Hi all, I am due 1st baby next week.

My mum very kindly gave us some money - £3K - and I would like to put it into long term savings for the child, rather than just spending it on house and baby items. I guess we might be given occasional bits of money on birthdays and Christmasses from relatives, and will prob plan to save a certain amount / month so would like to be able to top it up regularly.

Have looked at Martin Lewis, seems the options are one of these childrens savings accounts, around 4%, but only for a year and putting in a small amount each month rather than the whole lump; or the junior ISA option. I am less keen on the ISA option as they have full access at age 18.
www.moneysavingexpert.com/savings/child-savings-tax-free
www.moneysavingexpert.com/savings/junior-isa

Just wondered if there are any other products or options I am missing and should know about, and anyone's thoughts or advice on what you'd do with this amount. Am I best off looking at children's products rather than just saving it in my own name?

Thanks for any advice.

specialsubject Sun 05-Feb-17 15:40:29

You could start a pension but that will be locked for 55 years - although it could grow well!

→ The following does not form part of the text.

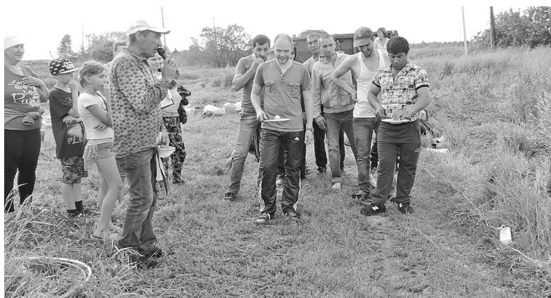
Детям и взрослым эта поездка пришлась по душе.

There are no adult savings paying above inflation, which is really over 2% now. Possibly a stock market isa ?

dontcallmethatyoucunt Sun 05-Feb-17 20:15:19

Long term savings in cash is basically a waste of time. Spend it while it buys you£3k of stuff!

dontcallmethatyoucunt Sun 05-Feb-17 20:15:50

... or a stocks and shares Jisa.

user1471602322 Mon 06-Feb-17 13:13:10

Thanks both! Good food for thought.

janinlondon Mon 06-Feb-17 13:37:28

I think they have access to any account that is in their name at 18 - savings or ISAs....?

JoJoSM2 Fri 10-Feb-17 00:04:28

Well, if you don't want your child to have access to it at 18 then put it into an ISA in your own name. And make sure you don't spend it in the meantime.... Or think again about putting it into a Junior ISA. When they get to 16, you can start discussing what they could spend then money, e.g. uni, gap year, leave it for a deposit etc. That way they should have a plan and be less likely to randomly blow it as soon as hey turn 18.

Fizzyboo Fri 10-Feb-17 00:18:34

Message withdrawn at poster's request.

dontcallmethatyoucunt Fri 10-Feb-17 07:31:36

Yes I've got premium bonds from when I was a kid. £2 to be exact. A great example of how inflation damages cash savings.

If you don't want them to have access, put it in your name.

JoJoSM2 Fri 10-Feb-17 08:56:41

Yes, I would advise bonds or savings. A reasonable fund instead.

specialsubject Fri 10-Feb-17 12:37:12

premium bond rate and odds about to be cut again. Inflation already over 2%.